Work instructions: Reproduce exactly the lines of this material that begin at the line with "Среди прочих интересных" and end at the line with "Trendyolmilla Beyaz Boyfriend Gömlek", both included. Omit the pictures and everything else.

Supplied information:
+--

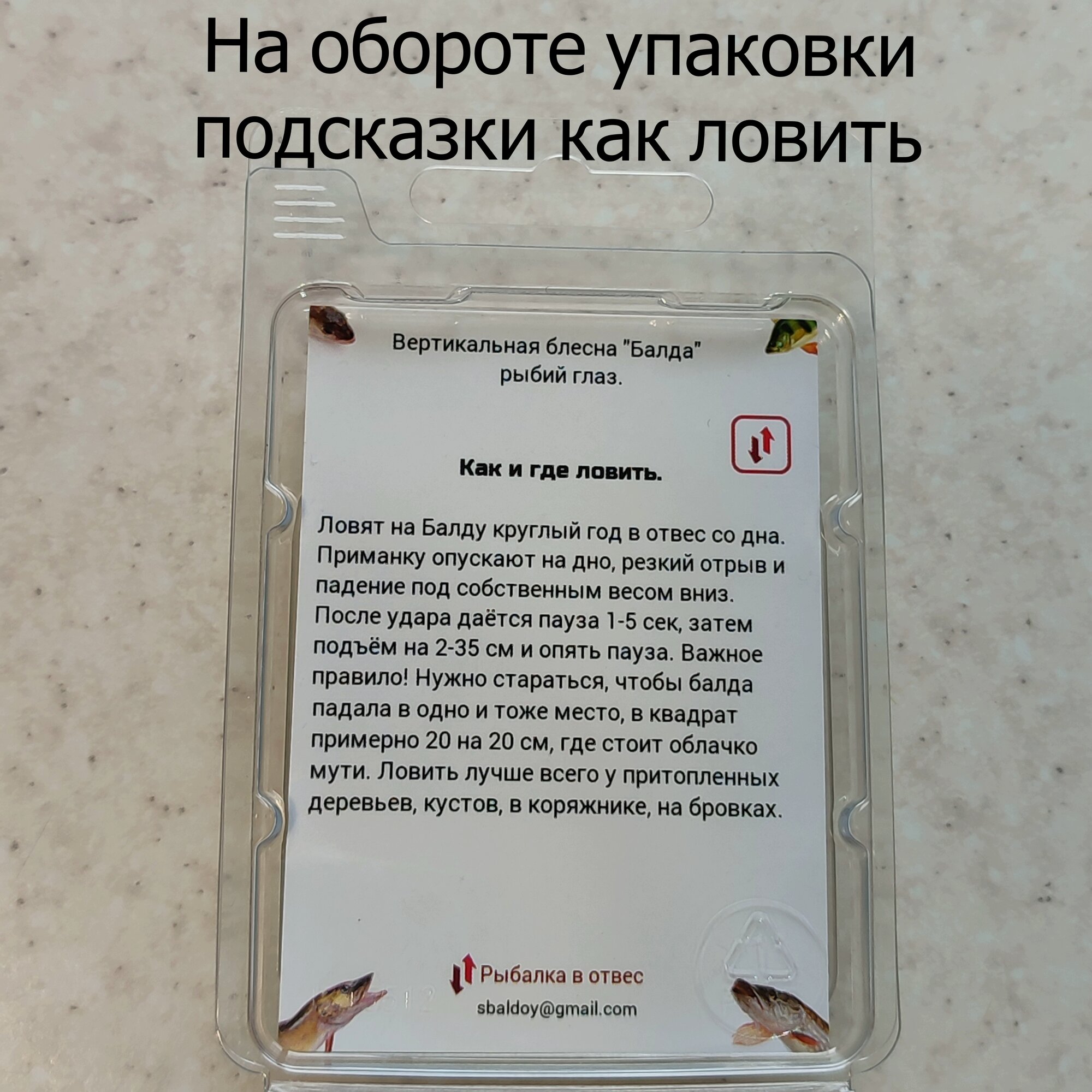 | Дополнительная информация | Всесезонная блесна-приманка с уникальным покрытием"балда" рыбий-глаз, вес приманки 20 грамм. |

+--

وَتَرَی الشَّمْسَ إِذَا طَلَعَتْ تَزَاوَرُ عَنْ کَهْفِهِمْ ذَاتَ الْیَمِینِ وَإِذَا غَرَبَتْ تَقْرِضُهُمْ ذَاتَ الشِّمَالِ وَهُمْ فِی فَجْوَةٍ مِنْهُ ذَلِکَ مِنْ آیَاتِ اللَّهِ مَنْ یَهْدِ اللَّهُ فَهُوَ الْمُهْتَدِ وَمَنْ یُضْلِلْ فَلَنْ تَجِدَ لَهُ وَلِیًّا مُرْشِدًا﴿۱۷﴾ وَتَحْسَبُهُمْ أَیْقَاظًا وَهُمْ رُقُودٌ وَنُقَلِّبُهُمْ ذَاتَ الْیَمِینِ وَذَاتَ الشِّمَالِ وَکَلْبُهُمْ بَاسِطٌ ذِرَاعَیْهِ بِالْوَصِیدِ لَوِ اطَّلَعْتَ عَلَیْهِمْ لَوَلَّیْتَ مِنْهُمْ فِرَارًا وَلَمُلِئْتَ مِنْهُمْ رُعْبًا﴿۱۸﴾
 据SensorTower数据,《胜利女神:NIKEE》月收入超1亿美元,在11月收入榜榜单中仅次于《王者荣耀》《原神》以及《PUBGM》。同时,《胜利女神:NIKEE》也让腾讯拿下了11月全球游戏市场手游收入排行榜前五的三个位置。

+--

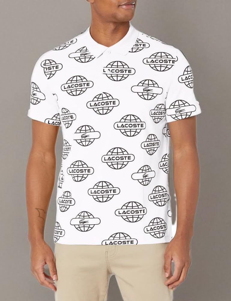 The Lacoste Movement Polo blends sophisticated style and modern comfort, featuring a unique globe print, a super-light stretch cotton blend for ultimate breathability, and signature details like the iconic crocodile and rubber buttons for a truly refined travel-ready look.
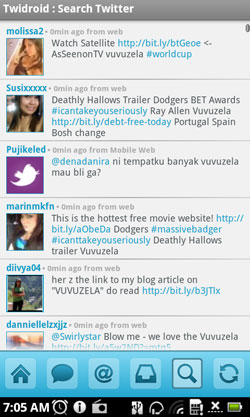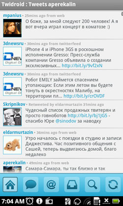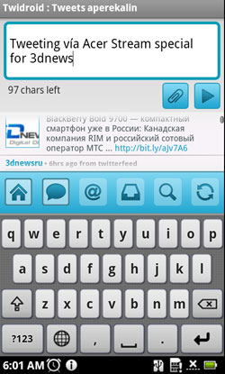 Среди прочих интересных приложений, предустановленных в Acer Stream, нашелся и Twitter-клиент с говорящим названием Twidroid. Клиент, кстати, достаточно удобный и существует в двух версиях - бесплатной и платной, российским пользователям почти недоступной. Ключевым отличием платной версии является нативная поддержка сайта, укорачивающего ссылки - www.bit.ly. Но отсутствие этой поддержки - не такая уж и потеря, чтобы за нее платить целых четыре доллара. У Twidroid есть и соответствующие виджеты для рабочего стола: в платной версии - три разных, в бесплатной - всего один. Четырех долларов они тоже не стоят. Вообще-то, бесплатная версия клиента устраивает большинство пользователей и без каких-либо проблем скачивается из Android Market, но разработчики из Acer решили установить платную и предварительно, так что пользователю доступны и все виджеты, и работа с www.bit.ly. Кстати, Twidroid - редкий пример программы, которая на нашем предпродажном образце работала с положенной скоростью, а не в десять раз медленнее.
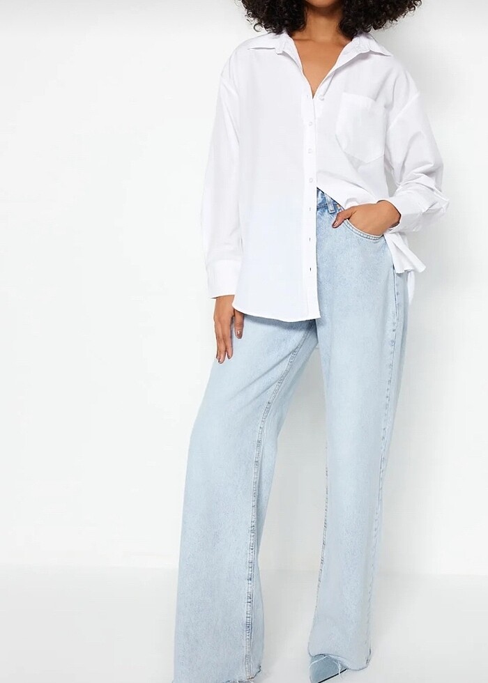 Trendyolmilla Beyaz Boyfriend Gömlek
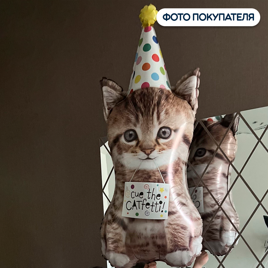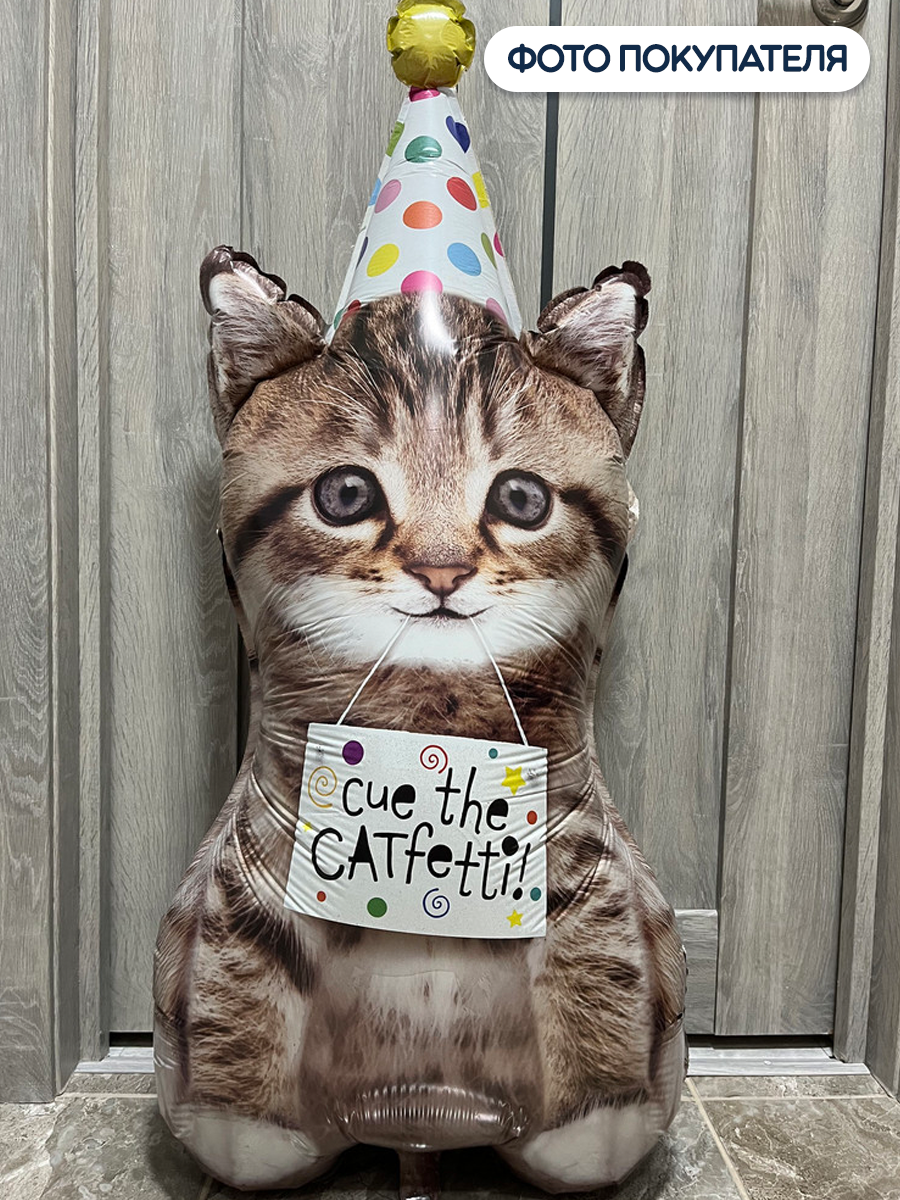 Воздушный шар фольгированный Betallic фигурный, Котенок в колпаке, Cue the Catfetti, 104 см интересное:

+--

Your solution:
 Среди прочих интересных приложений, предустановленных в Acer Stream, нашелся и Twitter-клиент с говорящим названием Twidroid. Клиент, кстати, достаточно удобный и существует в двух версиях - бесплатной и платной, российским пользователям почти недоступной. Ключевым отличием платной версии является нативная поддержка сайта, укорачивающего ссылки - www.bit.ly. Но отсутствие этой поддержки - не такая уж и потеря, чтобы за нее платить целых четыре доллара. У Twidroid есть и соответствующие виджеты для рабочего стола: в платной версии - три разных, в бесплатной - всего один. Четырех долларов они тоже не стоят. Вообще-то, бесплатная версия клиента устраивает большинство пользователей и без каких-либо проблем скачивается из Android Market, но разработчики из Acer решили установить платную и предварительно, так что пользователю доступны и все виджеты, и работа с www.bit.ly. Кстати, Twidroid - редкий пример программы, которая на нашем предпродажном образце работала с положенной скоростью, а не в десять раз медленнее.
 Trendyolmilla Beyaz Boyfriend Gömlek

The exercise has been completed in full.